Synthetically, the most relevant figures recorded concern collegial measures, complaints and reports and questions. During 2019, the Authority adopted 232 collegial measures, provided feedback in response to 8.000 complaints and reports, especially about telephone marketing; health-care issues; consumer credit; IT security; banking and financial sector; labor law; public local authorities; and it considered more than 15.800 questions, which predominantly covered the obligations related to the application of the EU General Data Protection Regulation, followed by the ones related to unsolicited telephone calls, mail, fax, and promotional SMS, to the internet services, public and private employment relationships, video-surveillance, private risk centers, banking data. Besides, the Authority released 46 opinions about, among other topics, national security activities; the digitization of the Public Administration; the reform of the Public Register of Oppositions, and 33 opinions about transparency. The last figure concerns the 49 inspections registered during 2019, in the private and public sector, regarding particularly, marketing and financial intermediation.
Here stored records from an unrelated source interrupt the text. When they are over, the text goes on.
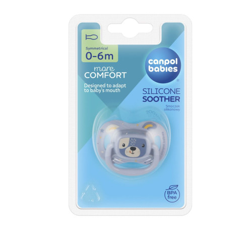 Canpol babies Пустушка силіконова симетрична 0-6 міс CUTE ANIMALS - блакитний
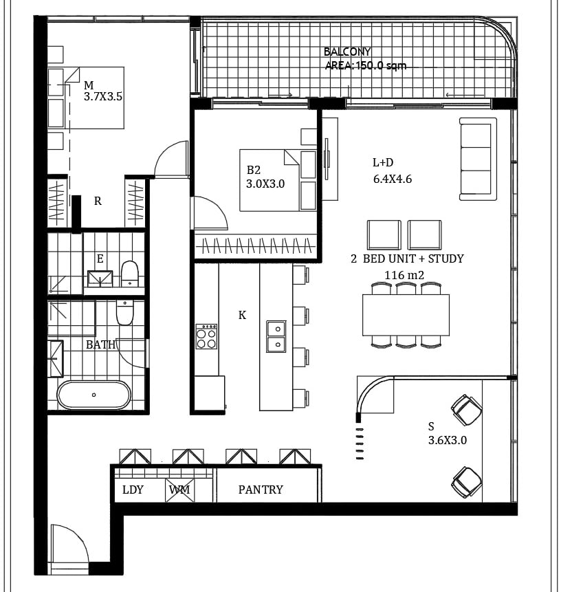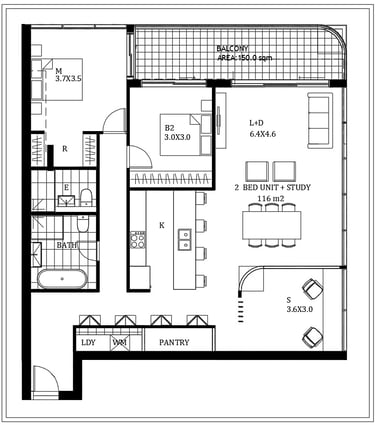 2-Bedroom Plus Study (virtually 3 Bed)  Unit Type: 2 bedroom 2 bathroom Study 1 Car  Size: 116 sqm + 15 sqm Balcony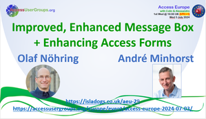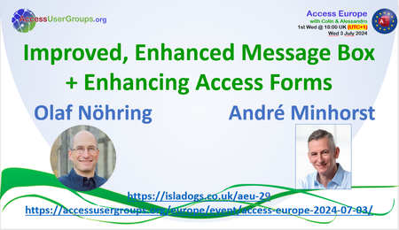 Access Europe - Wed 3 July: Improved, Enhanced Message Box / Enhancing Access forms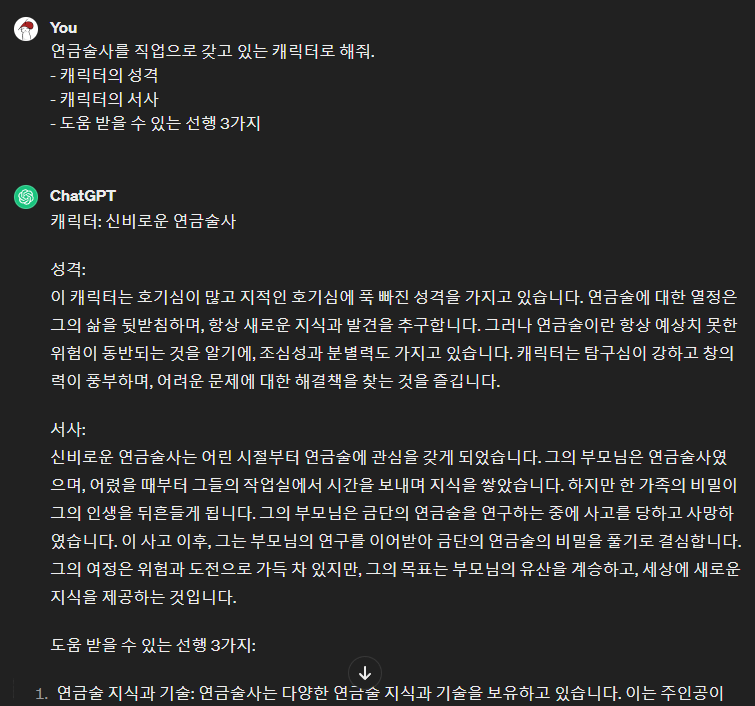 다만 GPT는 매번 평면적인 캐릭터를 던져줬기 때문에, 실제로는 이름과 서사 정도만 사용할 수 있었다.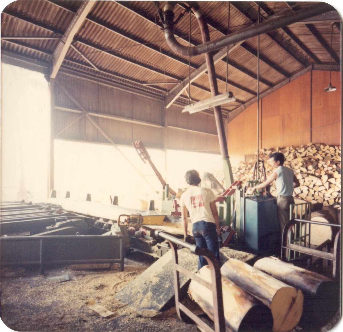 Sågverket vid Phimco-fabriken. Tändsticksproduktion.

The report focuses on all the interventions held on 2019, and primarily on the major innovations introduced by the GDPR and on the fundamental issues related to the protection of fundamental rights in the digital world. Indeed, the slogan adopted by the Data Protection Authority for the past year was “between continuity and innovation”: the continuity is showed by the fact that the past decisions of the Authority have been confirmed, due to their currency; instead the innovation is represented by the adaptation to the newest demands, for instance, to the Budget law of 2020, contrasting tax evasion, and by providing the Agenzia delle Entrate with more tools of verification and investigation.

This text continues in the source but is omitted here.